Stephan Braune, Hilmar Burchardi, Markus Engel, Axel Nierhaus, Henning Ebelt, Maria Metschke, Simone Rosseau, Stefan Kluge

Abstract

To evaluate the economic implications of the pre-emptive use of extracorporeal carbon dioxide removal (ECCO2R) to avoid invasive mechanical ventilation (IMV) in patients with hypercapnic ventilatory insufficiency failing non-invasive ventilation (NIV). Retrospective ancillary cost analysis of data extracted from a recently published multicentre case-control-study (n = 42) on the use of arterio-venous ECCO2R to avoid IMV in patients with acute on chronic ventilatory failure.
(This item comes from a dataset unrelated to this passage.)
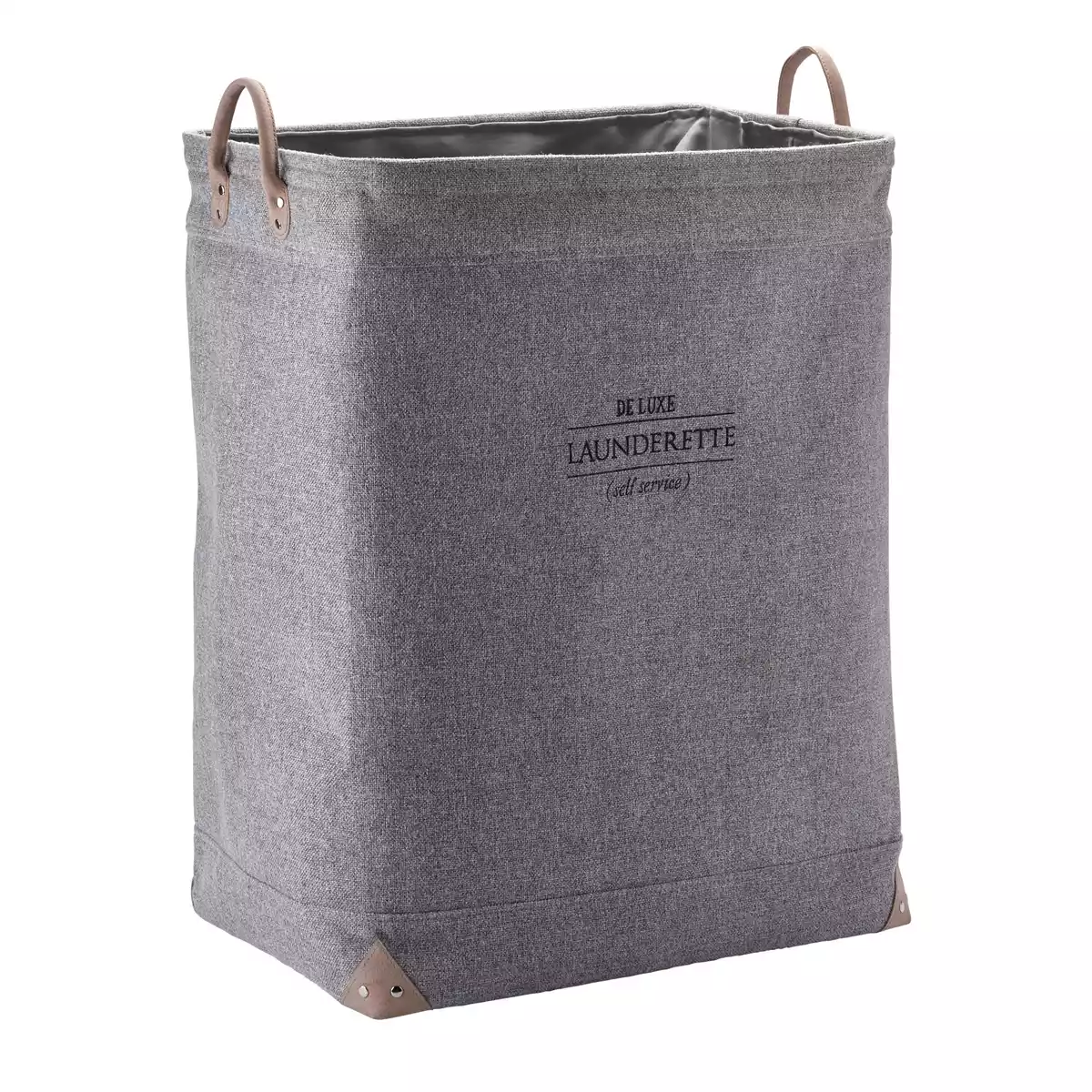 Elegant tvättkorg i tyg med läderhandtag och hörn

Cost calculations were based on average daily treatment costs for intensive care unit (ICU) and normal medical wards as well as on the specific costs of the ECCO2R system. In the group treated with ECCO2R IMV was avoided in 90 % of cases and mean hospital length of stay (LOS) was shorter than in the matched control group treated with IMV (23.0 vs. 42.0 days). The overall average hospital treatment costs did not differ between the two groups (41.134 vs. 39.366 €, p = 0.8). A subgroup analysis of patients with chronic obstructive pulmonary disease (COPD) revealed significantly lower median ICU length of stay (11.0 vs. 35.0 days), hospital length of stay (17.5 vs. 51.5 days) and treatment costs for the ECCO2R group (19.610 vs. 46.552 €, p = 0.01). Additional costs for the use of arterio-venous ECCO2R to avoid IMV in patients with acute-on-chronic ventilatory insufficiency failing NIV may be offset by a cost reducing effect of a shorter length of ICU and hospital stay.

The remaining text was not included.